ObjectDetector¶
FCOS-style anchor-free object detector that combines timm backbones with Feature Pyramid Networks (FPN) and detection heads.
Basic Usage¶
from autotimm import ObjectDetector, MetricConfig
metrics = [
MetricConfig(
name="mAP",
backend="torchmetrics",
metric_class="MeanAveragePrecision",
params={"box_format": "xyxy", "iou_type": "bbox"},
stages=["val", "test"],
prog_bar=True,
),
]
model = ObjectDetector(
backbone="resnet50",
num_classes=80, # COCO has 80 classes
metrics=metrics,
lr=1e-4,
)
Architecture¶
The ObjectDetector uses the FCOS (Fully Convolutional One-Stage) architecture:
- Backbone: Any timm model extracts multi-scale features
- FPN (Feature Pyramid Network): Builds pyramid levels P3-P7
- Detection Head: Predicts class, bounding box, and centerness for each location
- NMS: Non-Maximum Suppression filters overlapping detections
Backbone Selection¶
Any timm backbone works for object detection.
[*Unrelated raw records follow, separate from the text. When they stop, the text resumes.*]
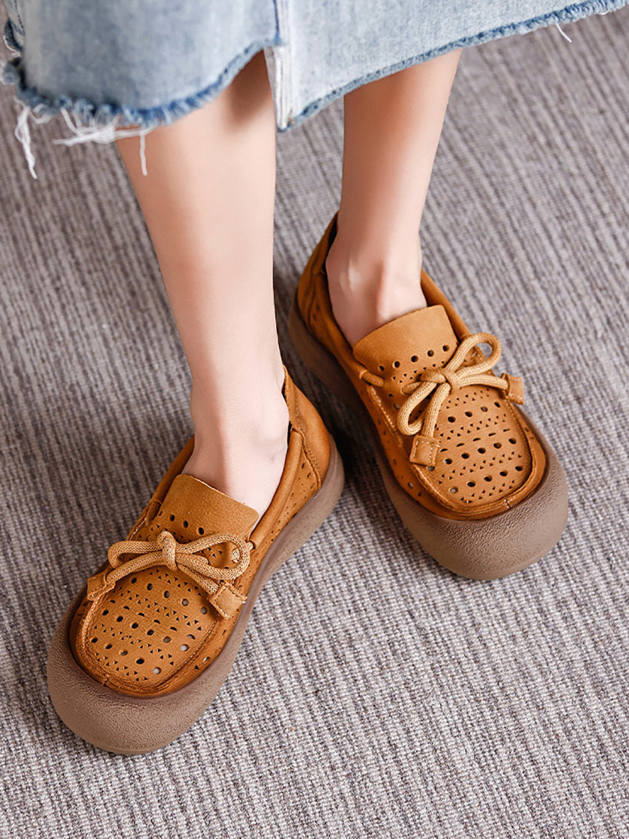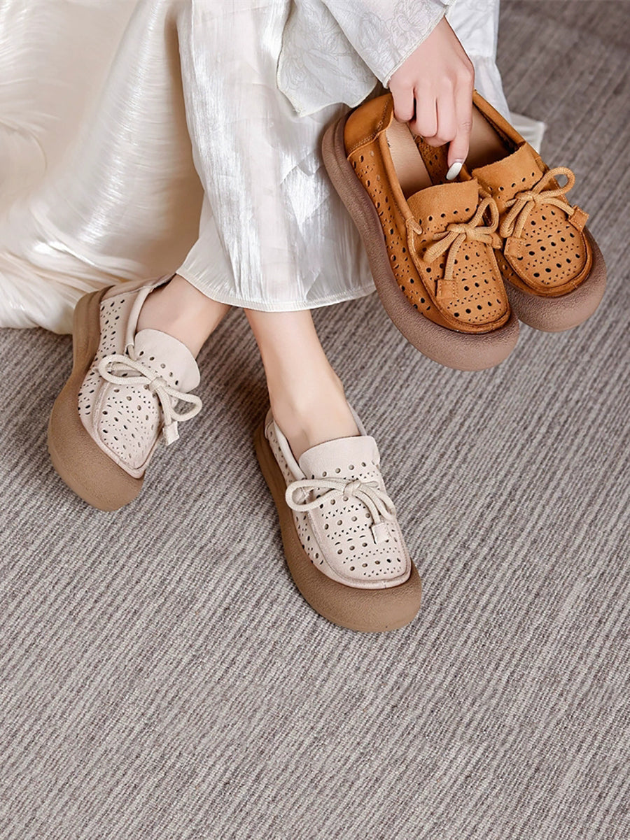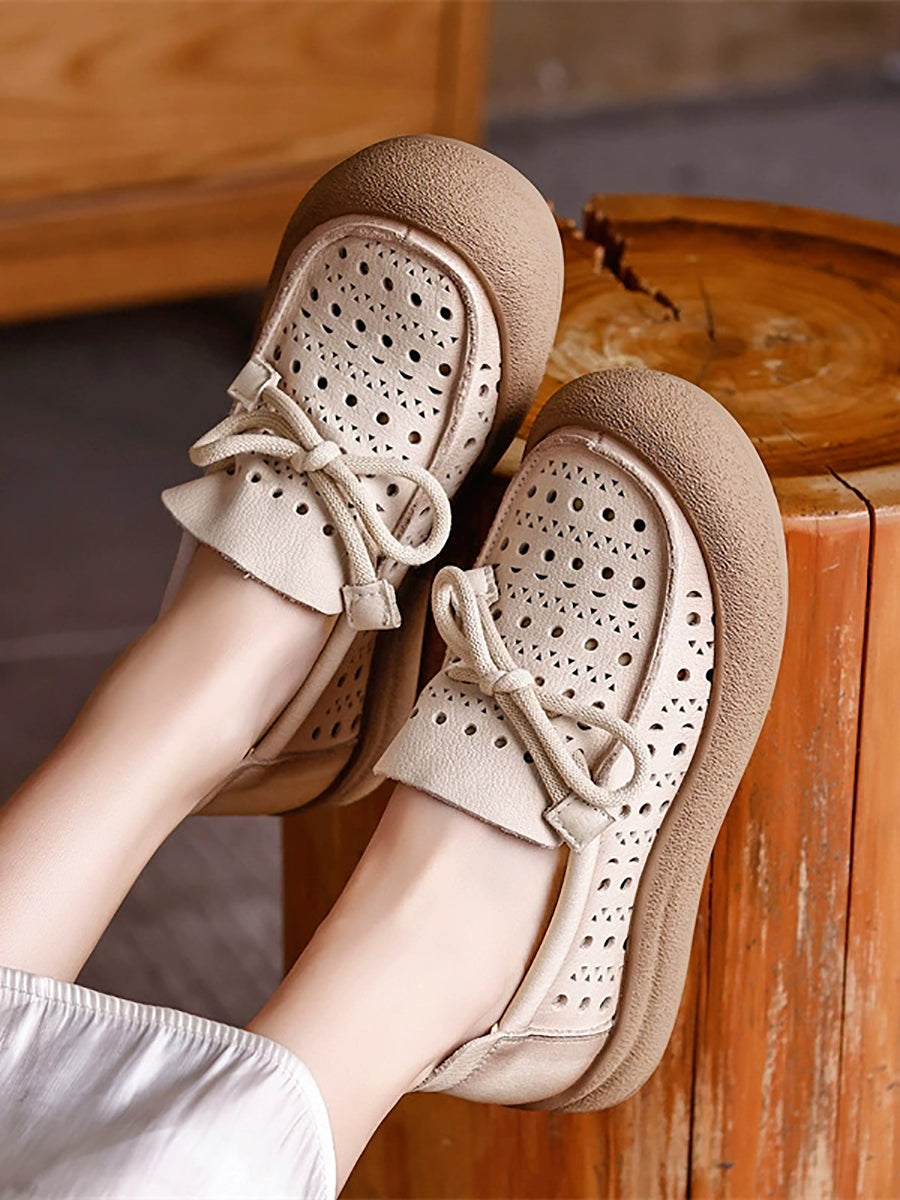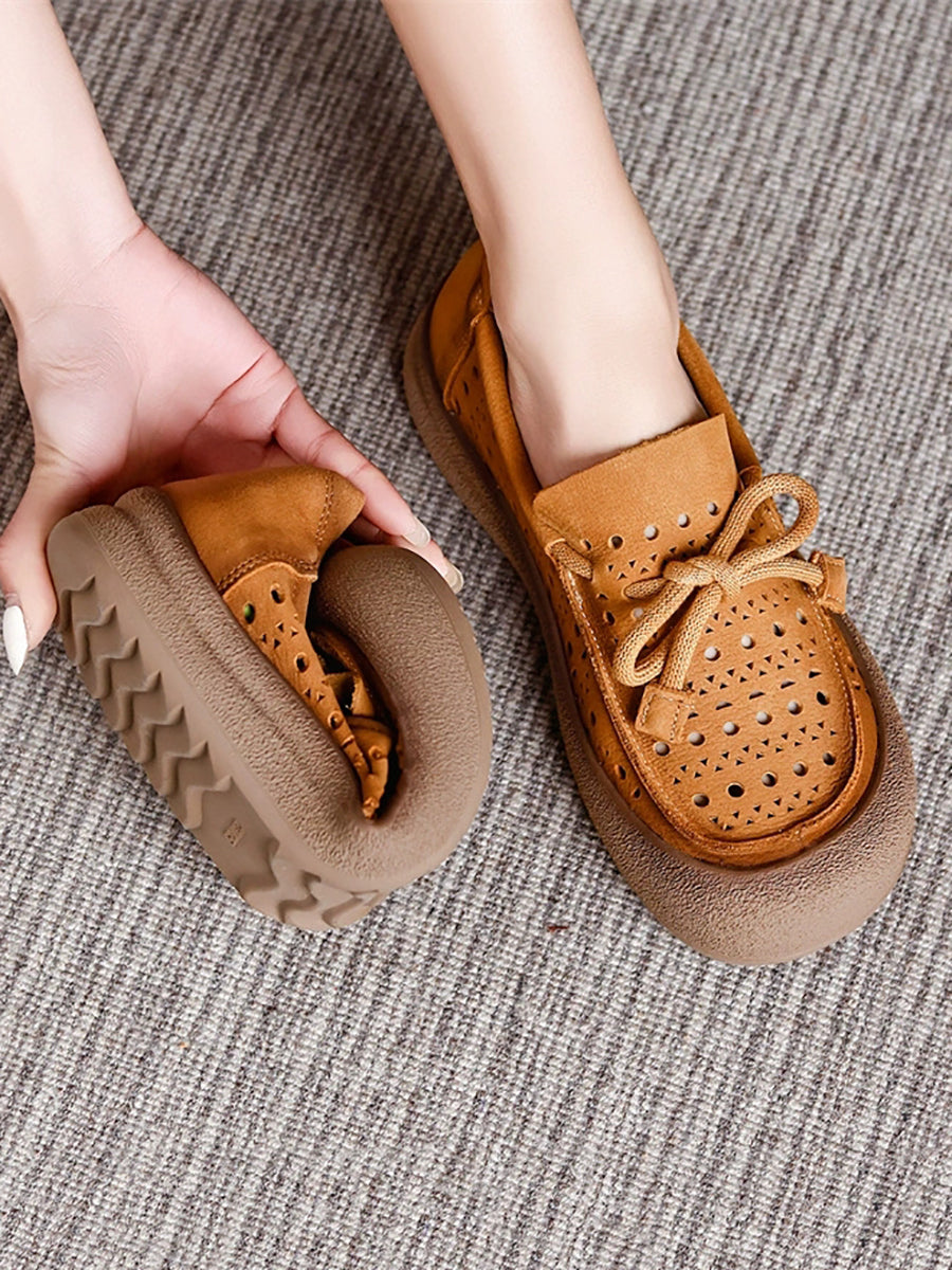 Women Summer Genuine Leather Hollow Out Shoes
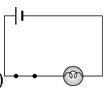 12.( )關於附圖電路的敘述,下列何者正確?(A)電路接通時,流過電燈泡的電流向左 (B)電路接通時,電線內的電流由負極流向正極 (C)想在a、b之間接一個安培計,正極端子應接a點 (D)電路中若有電流,就表示有正電荷在電路中流動。
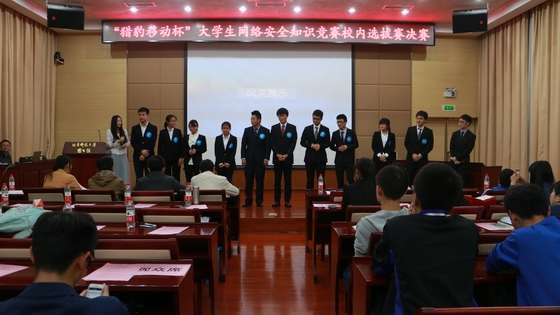 首先由主持人宣布‘“猎豹移动杯”大学生网络安全知识竞赛校内选拔赛决赛’正式开始。在一片掌声中,王昭顺进行了开场致辞,阐述了在计算机网络越来越发达的今天,网络安全的重要性,同时也为比赛的开场加温。在观众的期待中,选手们正式进入了比赛环节。

Popular choices:
CNN Backbones¶
| Backbone | Speed | Accuracy | Use Case |
|---|---|---|---|
resnet18 |
Fast | Good | Quick experiments |
resnet50 |
Medium | Better | Standard baseline |
efficientnet_b3 |
Medium | Better | Efficiency |
convnext_tiny |
Medium | Best | Modern CNN |
resnet101 |
Slow | Best | High accuracy |
Transformer Backbones¶
| Backbone | Speed | Accuracy | Memory | Use Case |
|---|---|---|---|---|
swin_tiny_patch4_window7_224 |
Fast | Good | Medium | Balanced performance |
swin_small_patch4_window7_224 |
Medium | Better | Medium | Production use |
swin_base_patch4_window7_224 |
Medium | Best | High | Maximum accuracy |
vit_base_patch16_224 |
Slow | Best | High | Research |
deit_base_patch16_224 |
Slow | Best | High | Limited data |
# CNN backbones
model = ObjectDetector(backbone="resnet18", num_classes=80, metrics=metrics)
model = ObjectDetector(backbone="efficientnet_b3", num_classes=80, metrics=metrics)
model = ObjectDetector(backbone="convnext_tiny", num_classes=80, metrics=metrics)
# Transformer backbones (recommended: Swin Transformer)
model = ObjectDetector(backbone="swin_tiny_patch4_window7_224", num_classes=80, metrics=metrics)
model = ObjectDetector(backbone="vit_base_patch16_224", num_classes=80, metrics=metrics)
Notes:
- Swin Transformers work best for detection due to hierarchical features
- Transformers require smaller batch sizes (8-16) due to higher memory usage
- Use lower learning rates (1e-4 to 1e-5) with transformer backbones
- Two-phase training (freeze backbone → fine-tune) works well with transformers
See Transformer-Based Detection Example for detailed usage.
FPN Configuration¶
Customize the Feature Pyramid Network:
model = ObjectDetector(
backbone="resnet50",
num_classes=80,
metrics=metrics,
fpn_channels=256, # Number of channels in FPN (128, 256, or 512)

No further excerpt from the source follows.